One of the rarest C4s in the world


The launch of the C4 Corvette in 1984 represented the single biggest leap that America’s sports car had taken since its introduction in 1953. The new C4 Corvette was a sports car that was literally built to take on the world. The only disappointment was that the first few years of the new Corvette it simply did not have the speed to match its handling capabilities or looks.

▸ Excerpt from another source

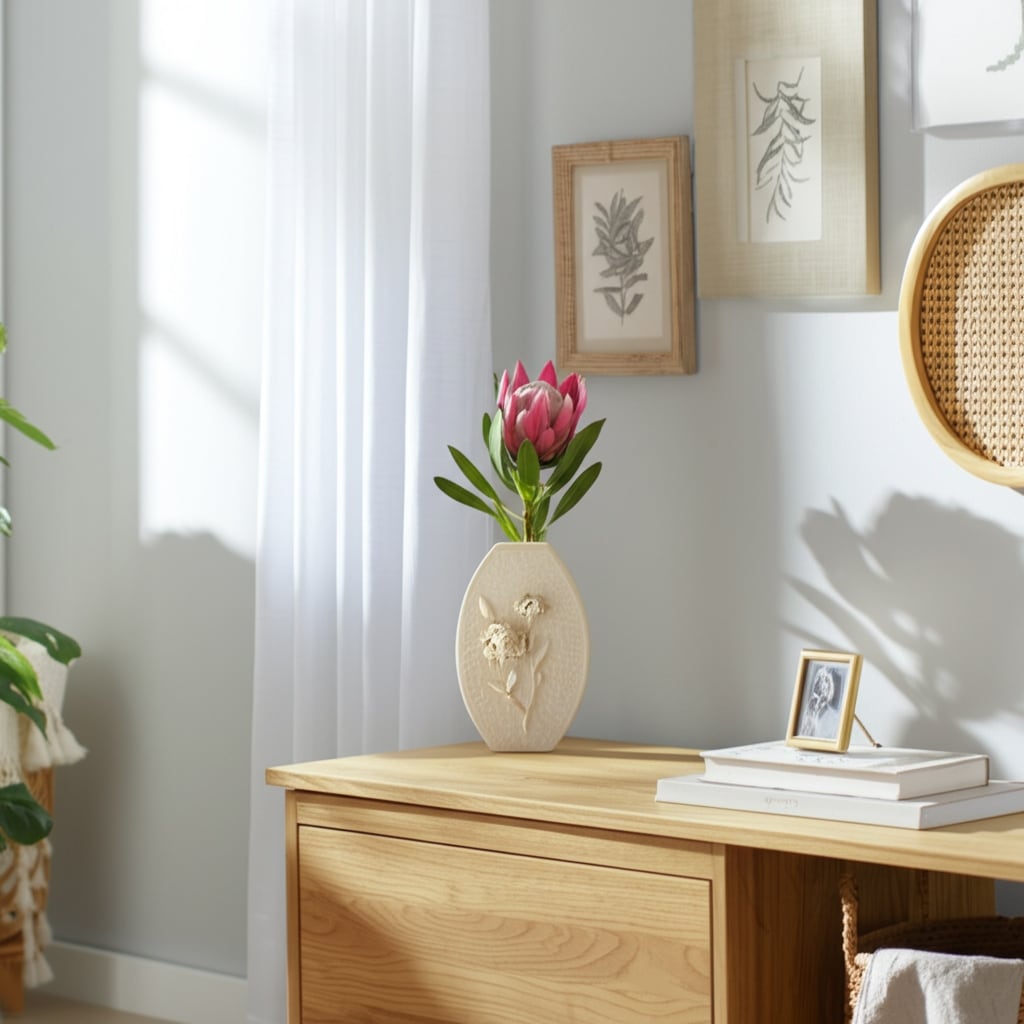 Ceramic Earthenware Textured Vase with Tapered Rim and Organic Pattern

This is because the engine it used at that time was basically taken directly from the old 1982 Corvette, and the old Cross Fire injected 350ci engine was a bit long in tooth.

Happily there was a person who saw this shortcoming and looked for a solution. That man is none other than the legendary John Lingenfelter.

John was a racer at heart, with three NHRA titles, and realized early on that in order to fund his racing it might be a good idea to found a company. That company is Lingenfelter Performance Engineering. He started his business selling Chevy 383 small block engines via mail order and it grew from there. With the release of the C4, Lingenfelter turned his focus to the Corvette. His products were well received and gained the attention of Reeves Callaway. Callaway asked him to build the engine for his new custom Corvette called the Sledgehammer. This led people to think of the name Lingenfelter as the creator of some of the fastest, yet drivable and reliable, Corvettes ever made.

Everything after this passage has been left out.